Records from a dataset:
=-=-=-=-=

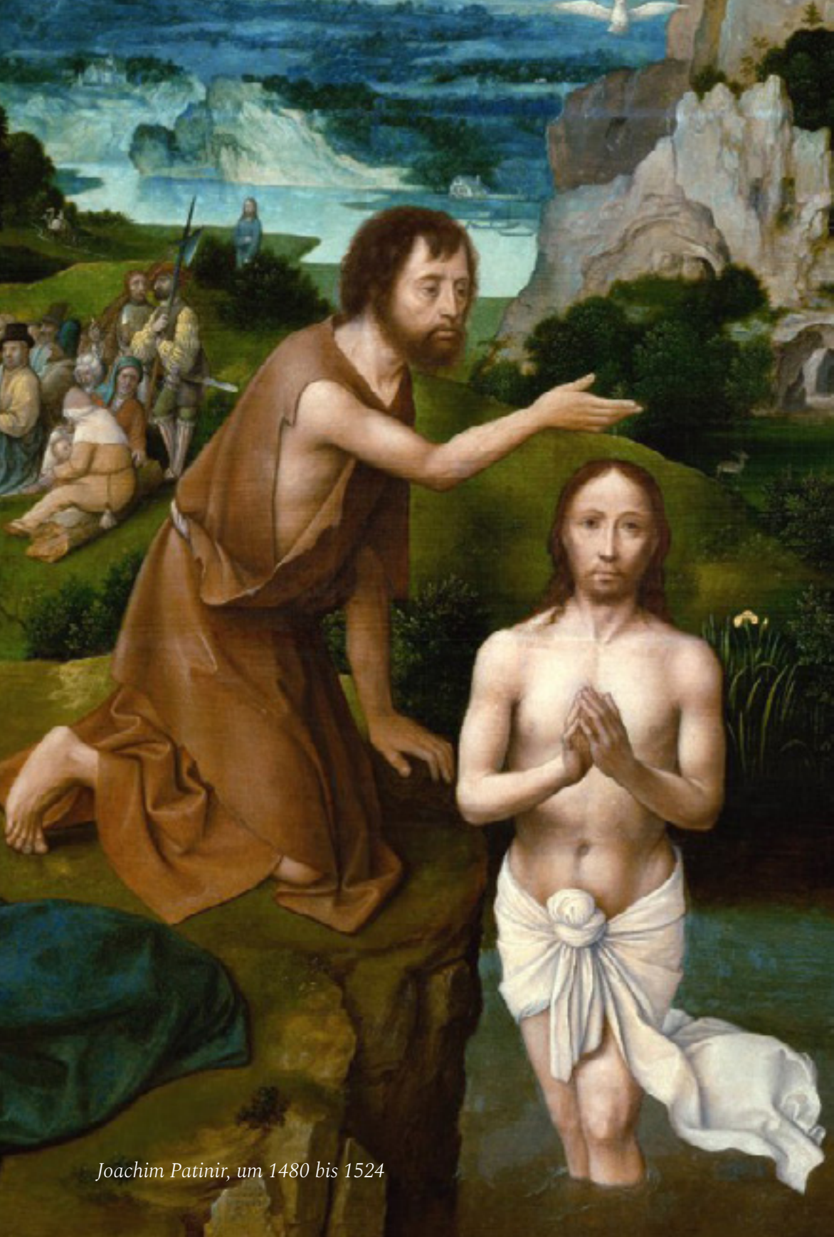
Joachim Patinir, um 1480 bis 1524
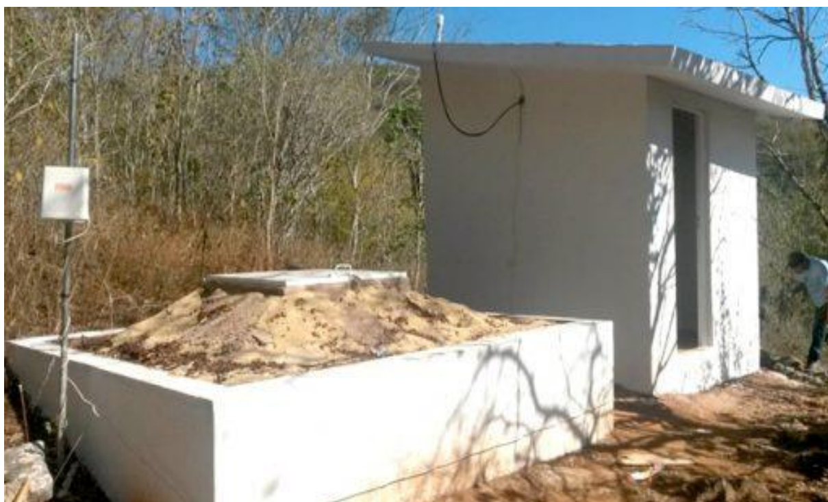
Figura 2: Estação Sismográfica MC01 da Unimontes

sismicidade local deste município. De forma concomitante, a Unimontes, por intermédio do Departamento de Geociências e do Centro de Estudos de Convivência com o Semiárido – CECS, adquiriu duas estações sismográficas com recursos conquistados a partir de projeto de pesquisa apreciado pela então Secretaria de Estado de Ciência, Tecnologia e Ensino Superior – SECTES e aprovado pela Fundação de Amparo à Pesquisa do Estado de Minas Gerais - FAPEMIG. A Figura 2 mostra as dependências de uma estação sismográfica da Unimontes instalada no Parque Lapa Grande.
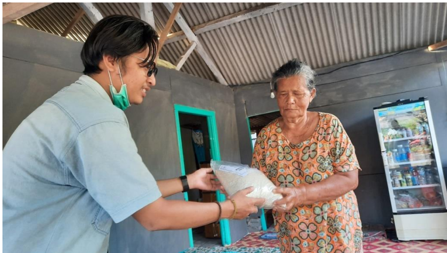
Gambar 13 Proses Pembagian Zakat2
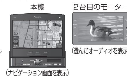
(ナビゲーション画面を表示)
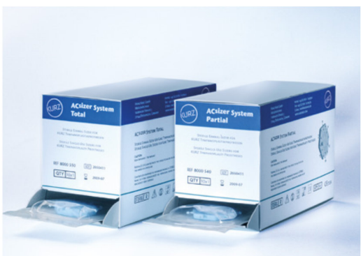
ディスペンサーボックス (単位: 10枚入/箱)
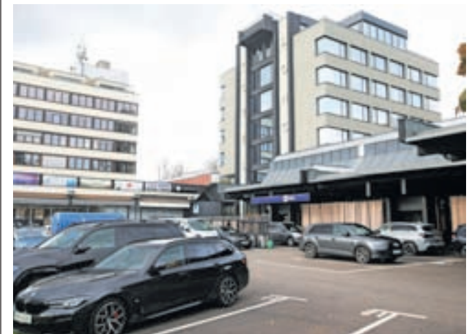
Za goste je pred hotelom Lonca urejeno tudi parkirišče.

iz Danske, Belgije in Švice. »Hotel je za tovrstne dogodke ustrezna izbira, tako zaradi lokacije same, ki nudi dodatne možnosti športnega udejstvovanja na Škofjeloškem, kot tudi zaradi individualiziranih ponudb glede na posamezno skupino gostov,« se dobrega obiska in tega, da dobivajo pozitivne odzive od gostov, veselijo v Lonci. Kot so nam povedali, so imeli v hotelu od odprtja dalje večkrat bistveno večje povpraševanje, kot imajo možnosti ponudbe nočitev. Dolej so v hotelu bivali gosti iz Španije, Francije, Grčije, Nemčije, Italije, Nizozemske in celo Kanade in drugih držav ameriške celine, so nam povedali in dodali, da je ena izmed novosti, ki so jo uvedli v hotelu, t. i. brunch, ki je v Lonci, kot pravijo, prvi oziroma edini v ponudbi na Škofjeloškem.
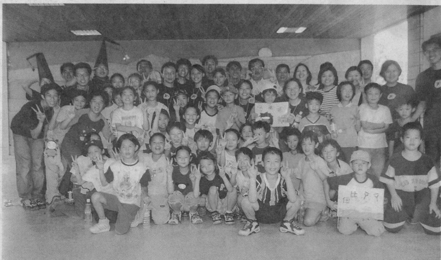
■屏東縣校友返鄉服務隊與長治鄉繁華國小同學同樂。
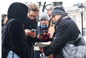
Gra miejska „Spacerniak” w Kielcach.
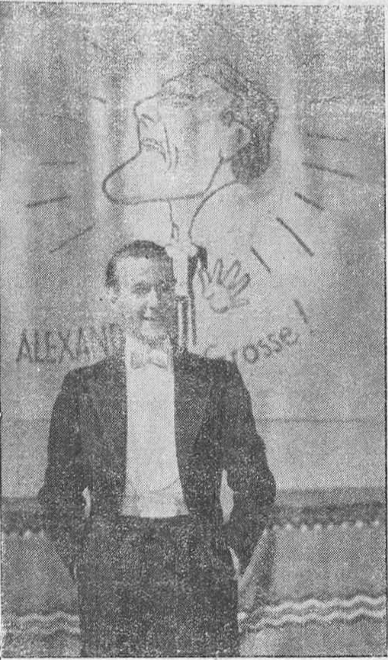
ALBERT MATTERSTOCK , simpático astro de la cinematografía alemana, que tras su triunfo en la película «El doble del Rey» ha iniciado una época de trabajo intenso en numerosas nuevas cintas, en las que obtiene el más rotundo éxito
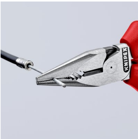
Rainurage fraisé dans la zone de saisie
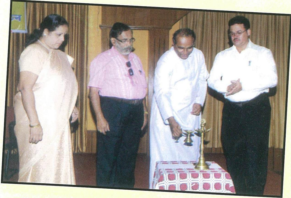
गोवा कोंकणी अकादेमी आणि रुवींद्र भवन, मडगांव हांणी जोडपालवान आयोजीत केल्ल्या दुसऱ्या बालसाहित्य संमेलनाचें दिवली पेटोवन उक्तावण करतना अवद लेडी ऑफ स्नोज हायस्कूल, द्याच संस्थेचे प्रिन्सीपल फा. शिप्रीयान ढ सिल्वा.
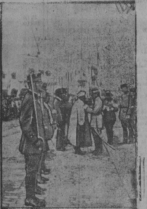
Imposición de condecoraciones en Rabat

El total de prisioneros válidos capturados alcanza la cifra de 311 oficiales y más de 13.000 clases de tropa.
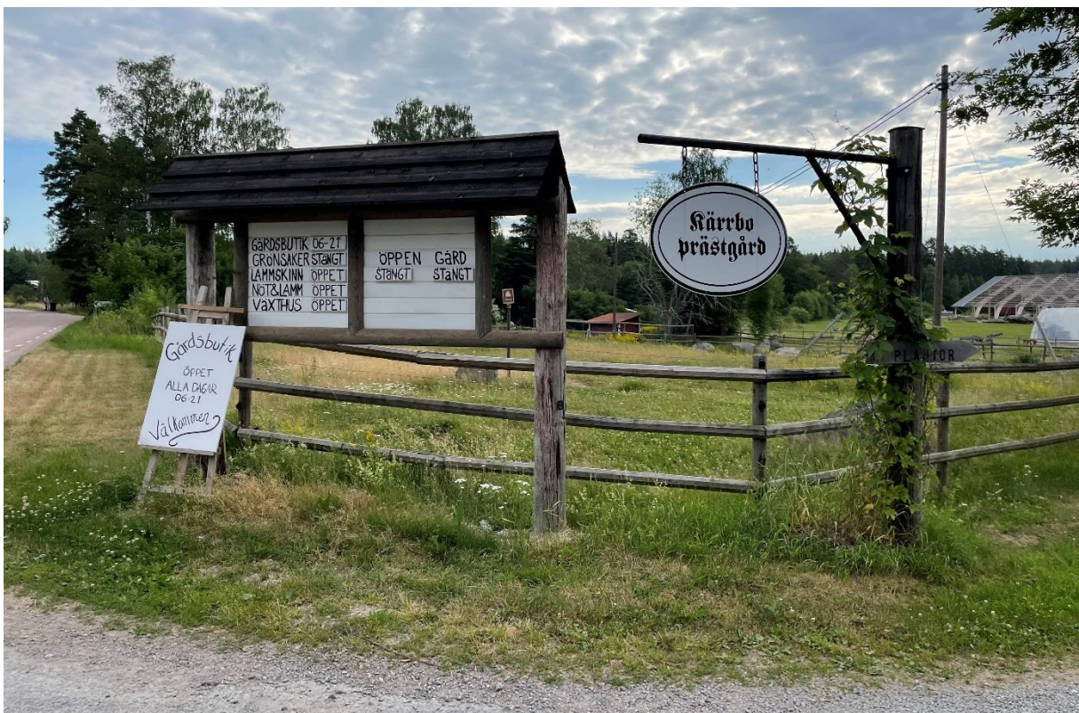
Kärbo före detta prästgård säljer växter och odlade produkter.
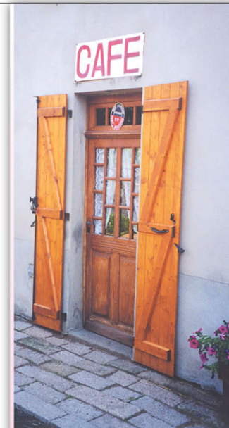
Une entrée sympathique au village de Chargueraud

* D'après Frédéric Noël - Légendes et traditions foréziennes .
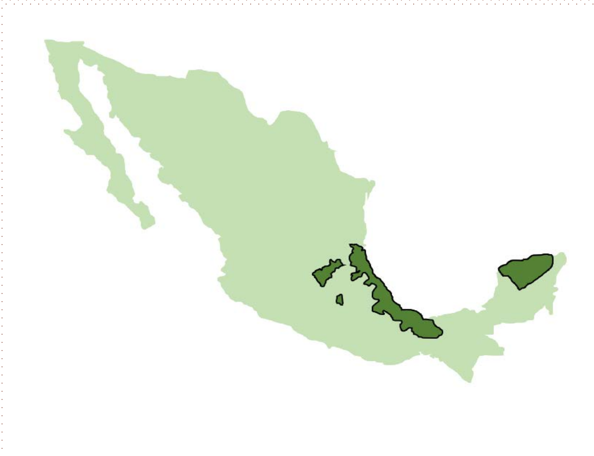
Mapa 1. Entidades pioneras en participación ciudadana
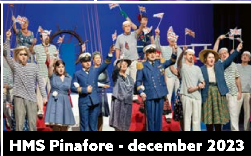
HMS Pinafore - december 2023
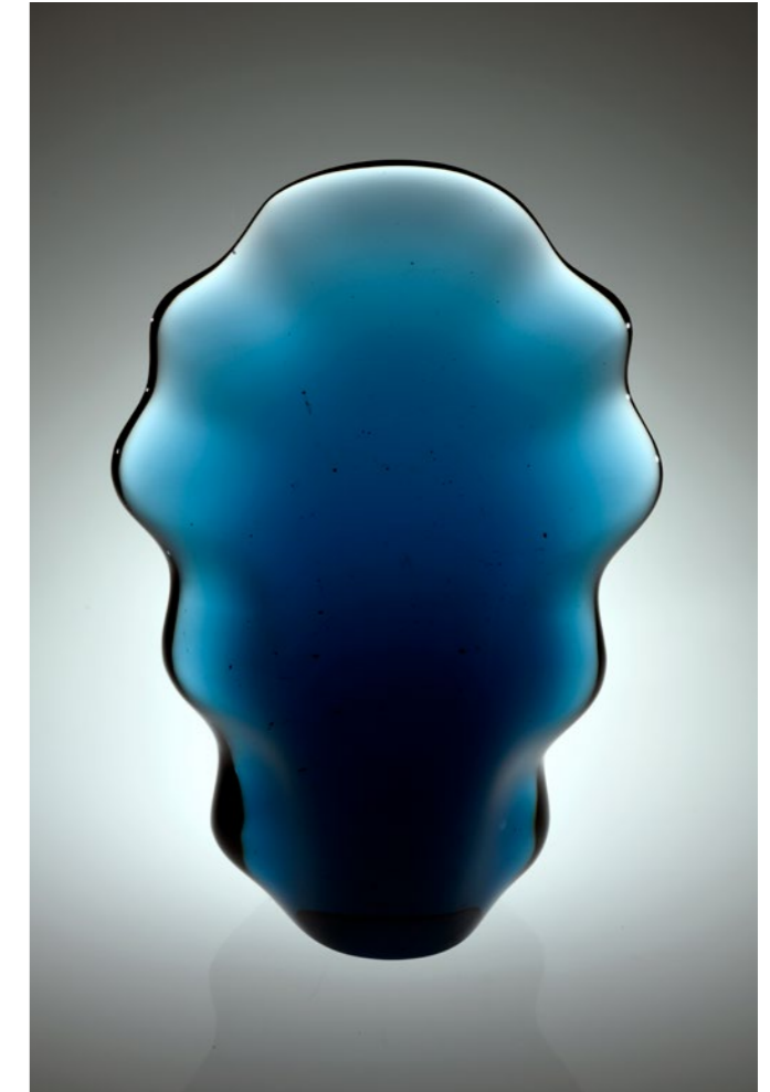
Nightblue Vibration, 2020 | 48x34x13 cm
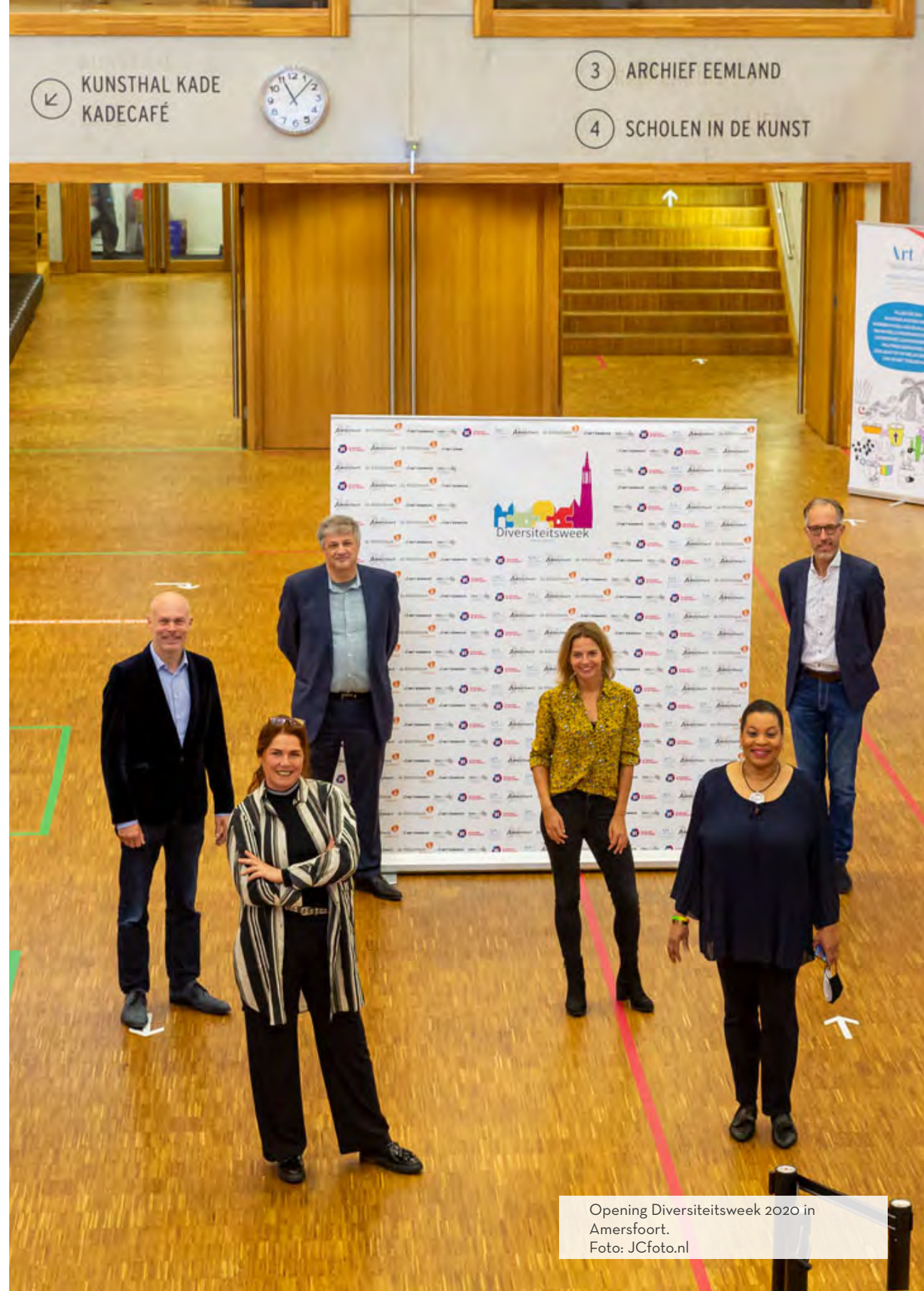
Opening Diversiteitsweek 2020 in Amersfoort.
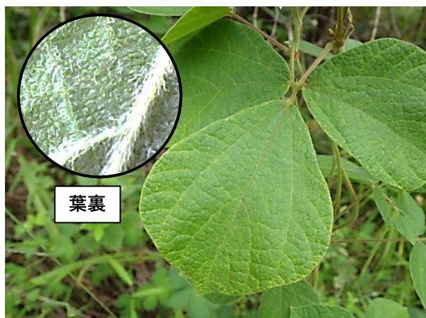
タンキリマメ:厚く丸みがあり、頂小葉の中央から先の幅が広い

この秋、奥多摩ゾーン湿性林エリアにタンキリマメが仲間入りしました。これまでトキリマメだけでしたので、ようやく、そっくりな2種を見比べていただくことができます。両者の違いを見分けるには葉が重要です。タンキリマメのほうがしわしわで分厚く、伏毛や腺点が多く、触ると少し独特の匂いがします。花だけだと、相違点はごく小さく、見分けるにはルーペが必要です。
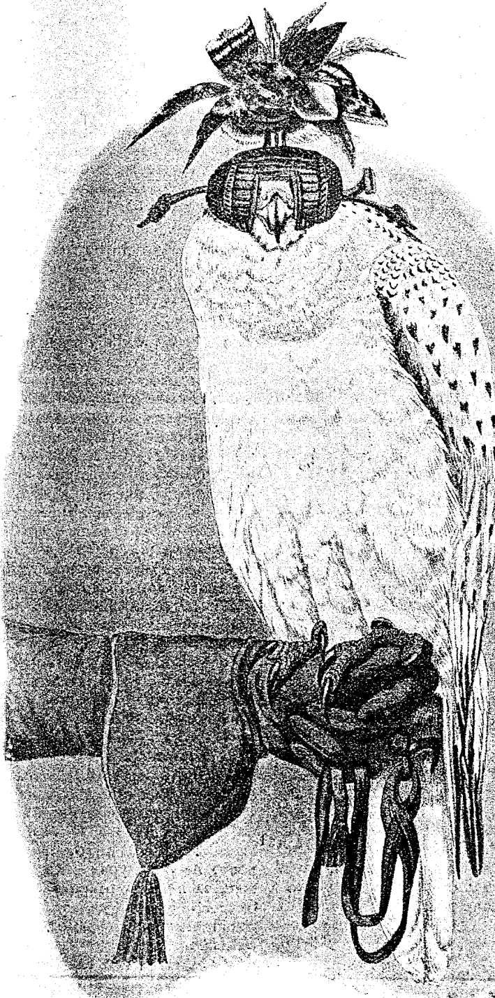
Накита и връзкитѣ на сокола.

Споредъ цѣльта, за която се обучава хищната птица, избира се и жертвата ѳ. Ако се желае соколѣтъ да бжде добъръ ловецъ, напр. на зайци, улавятъ единъ заекъ, счупватъ му изначало четиритѣ, крака, послѣ — третѣ и най-послѣ — само единиятъ

=-=-=-=-=

The copy must begin at the line containing "Nightblue Vibration, 2020 | 48x34x13 cm" and end at the last line of the data above, with every line retyped exactly and no pictures included.

Result below:
Nightblue Vibration, 2020 | 48x34x13 cm
Opening Diversiteitsweek 2020 in Amersfoort.
タンキリマメ:厚く丸みがあり、頂小葉の中央から先の幅が広い

この秋、奥多摩ゾーン湿性林エリアにタンキリマメが仲間入りしました。これまでトキリマメだけでしたので、ようやく、そっくりな2種を見比べていただくことができます。両者の違いを見分けるには葉が重要です。タンキリマメのほうがしわしわで分厚く、伏毛や腺点が多く、触ると少し独特の匂いがします。花だけだと、相違点はごく小さく、見分けるにはルーペが必要です。
Накита и връзкитѣ на сокола.

Споредъ цѣльта, за която се обучава хищната птица, избира се и жертвата ѳ. Ако се желае соколѣтъ да бжде добъръ ловецъ, напр. на зайци, улавятъ единъ заекъ, счупватъ му изначало четиритѣ, крака, послѣ — третѣ и най-послѣ — само единиятъ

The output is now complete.